The Roslin Institute, The University of Edinburgh, Easter Bush Campus, Midlothian, Edinburgh, United Kingdom.
The Royal (Dick) School of Veterinary Studies, The University of Edinburgh, Easter Bush Campus, Midlothian, Edinburgh, United Kingdom.
PLoS One. 2020 Jan 24;15(1):e0228154. doi: 10.1371/journal.pone.0228154. eCollection 2020.

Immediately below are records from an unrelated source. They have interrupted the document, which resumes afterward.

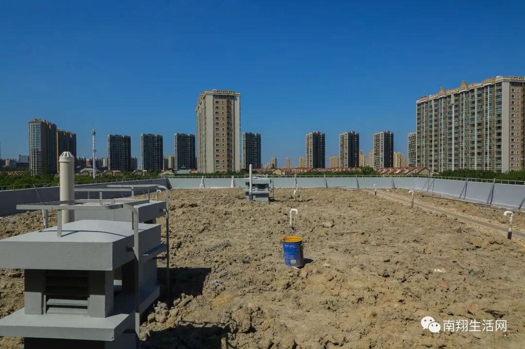 来到屋顶,这里不是尖顶而是全平,上面铺满了真土,据现场师傅说,这里将铺上草皮,打造一座屋顶花园!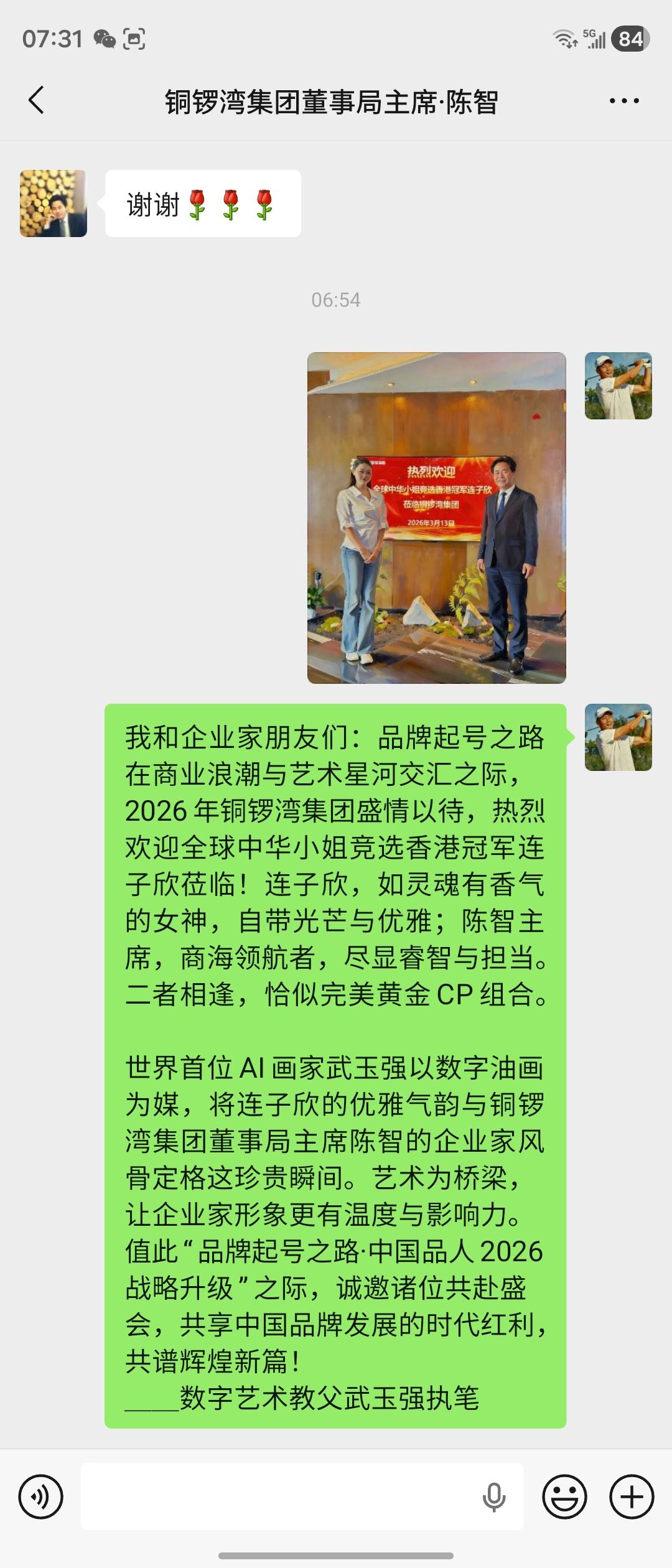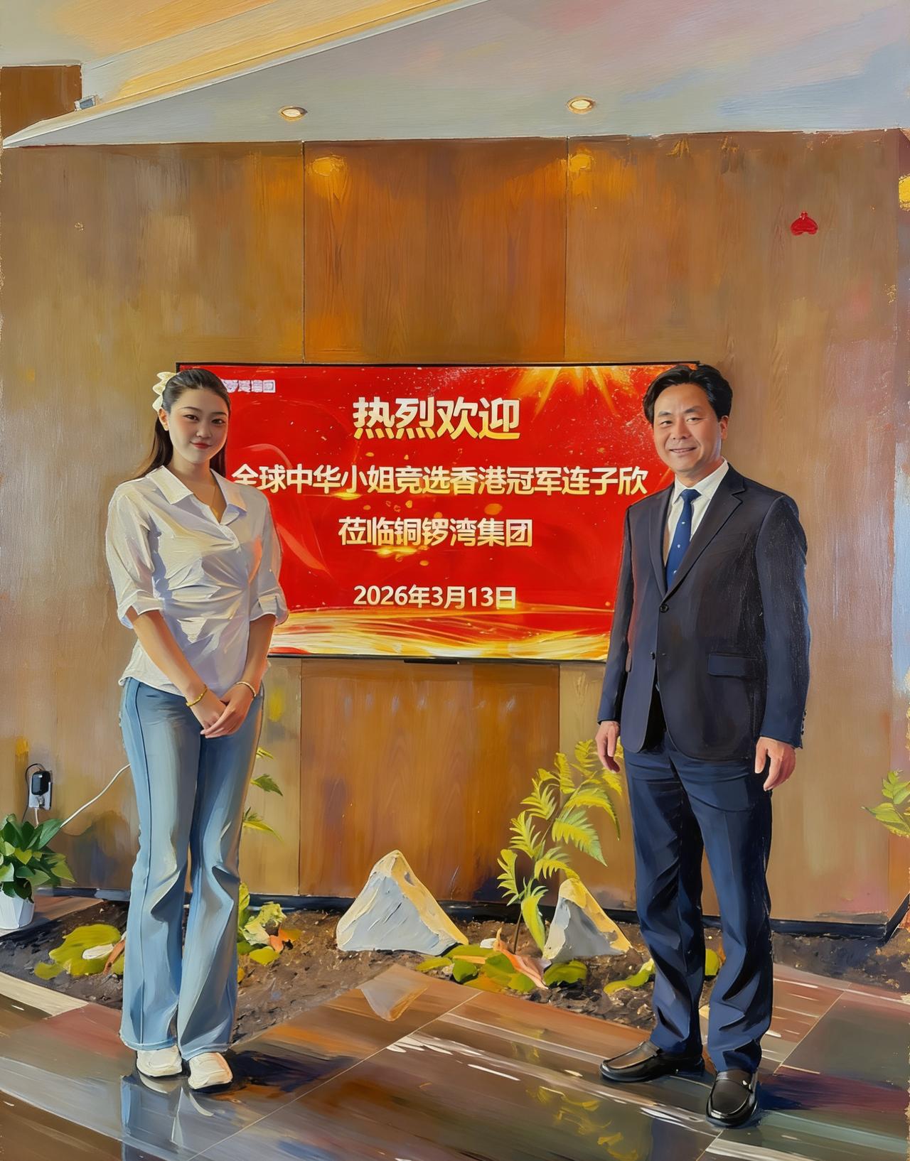 我和企业家朋友们:品牌起号之路 在商业浪潮与艺术星河交汇之际,2026年铜锣湾集团盛情以待,热烈欢迎全球中华小姐竞选香港冠军连子欣莅临!连子欣,如灵魂有香气的女神,自带光芒与优雅;陈智主席,商海领航者,尽显睿智与担当。二者相逢,恰似完美黄金CP组合。 世界首位AI画家武玉强以数字油画为媒,将连子欣的优雅气韵与铜锣湾集团董事局主席陈智的企业家风骨定格这珍贵瞬间。艺术为桥梁,让企业家形象更有温度与影响力。值此“品牌起号之路·中国品人2026战略升级”之际,诚邀诸位共赴盛会,共享中国品牌发展的时代红利,共谱辉煌新篇! __数字艺术教父武玉强执笔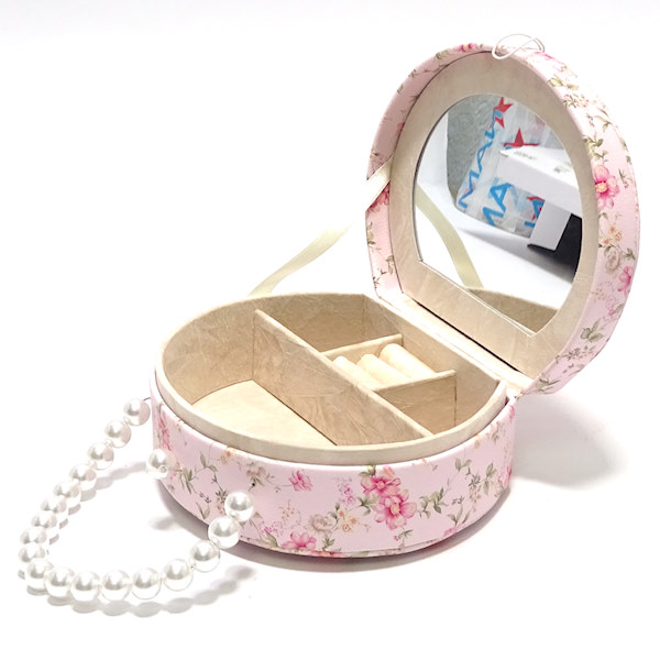 Кутијата има вградено прегради за прстени, огрлици, нараквици и друг накит. А на капакот има исклучително праткично огледало.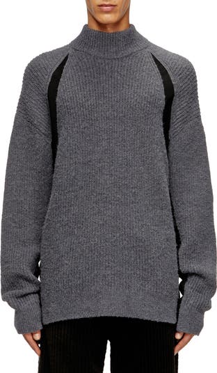 Inky contrast panels along the sides create a raglan effect in this luxuriously soft sweater made from a rich alpaca blend.

All data are prone to error and require data cleaning prior to analysis. An important example is longitudinal growth data, for which there are no universally agreed standard methods for identifying and removing implausible values and many existing methods have limitations that restrict their usage across different domains. A decision-making algorithm that modified or deleted growth measurements based on a combination of pre-defined cut-offs and logic rules was designed. Five data cleaning methods for growth were tested with and without the addition of the algorithm and applied to five different longitudinal growth datasets: four uncleaned canine weight or height datasets and one pre-cleaned human weight dataset with randomly simulated errors. Prior to the addition of the algorithm, data cleaning based on non-linear mixed effects models was the most effective in all datasets and had on average a minimum of 26.00% higher sensitivity and 0.12% higher specificity than other methods. Data cleaning methods using the algorithm had improved data preservation and were capable of correcting simulated errors according to the gold standard; returning a value to its original state prior to error simulation. The algorithm improved the performance of all data cleaning methods and increased the average sensitivity and specificity of the non-linear mixed effects model method by 7.68% and 0.42% respectively. Using non-linear mixed effects models combined with the algorithm to clean data allows individual growth trajectories to vary from the population by using repeated longitudinal measurements, identifies consecutive errors or those within the first data entry, avoids the requirement for a minimum number of data entries, preserves data where possible by correcting errors rather than deleting them and removes duplications intelligently. This algorithm is broadly applicable to data cleaning anthropometric data in different mammalian species and could be adapted for use in a range of other domains.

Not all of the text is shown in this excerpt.